Diligent Gambler & Leah Gyarmati on the Belmont training track

We claimed Diligent Gambler, a big gray gelding by Diligence, in 2004, and he went on to win 8 races for us from 28 starts, missing an in-the-money finish only five times. Including his efforts for other trainers, his lifetime record was 44-12-8-10, with earnings of over $365,000. And in 2004 he won a total of 9 races, including those before we claimed him, and was named Florida-bred Claimer of the Year.

By 2007, DG had long since been claimed away, and his racing career was winding down. Our partners generously contributed enough money to buy him back from his last owner. We gave him some time for rest and recuperation, and then Leah Gyarmati, who had trained DG for us for all of those 28 starts, was able to bring him back to the track as her stable pony. Every morning DG takes Leah to the track to watch her horses work out. DG also loves to teach the new two-year-olds how to act like professionals. Right now, DG is with Leah at Saratoga, enjoying the clean, fresh upstate air and looking forward, at age 9, to many more years of useful work at the track.
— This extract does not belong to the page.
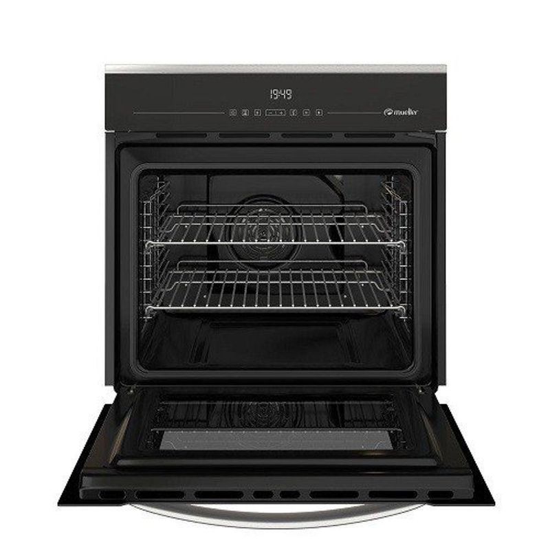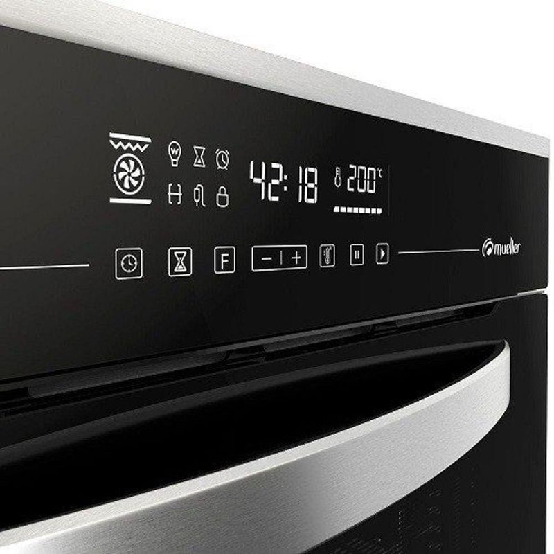 Forno Elétrico Digital De Embutir Mueller Preto 68 Litros Mfe0268g1 220vForno Elétrico Digital de Embutir Mueller Preto 68 Litros MFE0268G1 220V -Características Gerais do Produto: - Abertura de porta: Vertical com duplo estágio - Acabamento do interior do forno: Corpo interno esmaltado easy clean - Bandeja para resíduos: Não é removível - com acabamento esmaltado easy clean - Capacidade (Litros): 68 Litros - Dimensões da embalagem (cm): A:66,8 x L:68,8 x P:64,8 - Dimensões do nicho de instalação (cm): L: 56 x P: 57 - Dimensões externas (cm): A:59,5 x L:59,5 x P:57,5 - Dimensões internas do forno (cm): A:34, x L:48 x P:41,5 - Dourador (Grill): Sim - Funções: Função Turbo: distribuição uniforme de calor; Assa, doura, tosta, gratina e aquece; Temperatura ajustável para cada tipo de assado - Luz Interior: Sim - Material do corpo: Chapa de Aço - Peso: Peso líquido: 30,30 kg / Peso bruto: 36,00 kg - Porta do forno: Vidro duplo - Potência total (Watts): 2.800W - Prateleiras do forno: 2 prateleiras com 9 níveis de altura - Saída de ar / sistema de ventilação: Ventilação interna - Tensão: 220V; 127V - Timer: Relógio e timer com autodesligamento - Tipo de controle: Painel Touch Screen - Tipo de forno: Forno Elétrico de Embutir - Variação de temperatura (mínima/máxima): 50ºC a 250ºC - Modelo referência do produto: 681050003 - Atenção: O plugue do cabo de alimentação de seu produto está em conformidade com a NBR 14136/2002 do Inmetro e deverá ser mantido.Acompanha o produto: - Manual de Instruções - Rede de postos autorizados Garantia: - 12 Meses de Garantia de Fábrica

Brave Sir Robin (r) working on the Belmont pony track

We bought Brave Sir Robin (Runaway Groom-Brave Hearted; if you know Monty Python, you’ll know how he got his name) as a yearling in 2003, and he raced for us until his retirement, some 39 races later, in 2008. Although he only won three of those races, Brave Sir Robin tried hard all the time, finished in the money in nearly half his races, and earned over $150,000. Jimmy Ferraro trained Brave Sir Robin for us.

When we retired Robin, complete with a retirement party at a Long Island restaurant, we were fortunate enough to be able to send him to the late John Hettinger’s Akindale Farm in upstate New York. It took him a year or so before he was ready to go to work again. And then trainer Bobbi Rossi, who had been one of Jimmy Ferraro's assistants, decided that he would make an ideal pony. So Bobbi, now training on her own, brought him back to Belmont, where, as the above picture shows, he takes his job of teaching babies very seriously.


Charlie, trainer Keith & groom Curtis head for the Hialeah track

And finally, the first horse ever to run in Castle Village Farm’s colors, Warwhatisitgoodfor, is still, a dozen years later, on the race track, working as an outrider pony at Gulfstream and Calder.

Charlie, as we knew him, for his Charlie-Chaplin-like walk, was claimed by a group of friends who all lived at the Castle Village apartment development in upper Manhattan. Hence the stable name. Along with trainer Keith Sirota and co-owners sportswriter Paul Moran and ace handicapper Stuie Rubin, we raced Charlie in New Jersey and Florida, getting win pictures at Hialeah and the Meadowlands and enjoying the thrill of being in the races.

Charlie kept running until he was 10 years old, then seamlessly transitioned into his role as a pony, leading the young ‘uns to the starting gate. We wish him many more years of productive work at the track.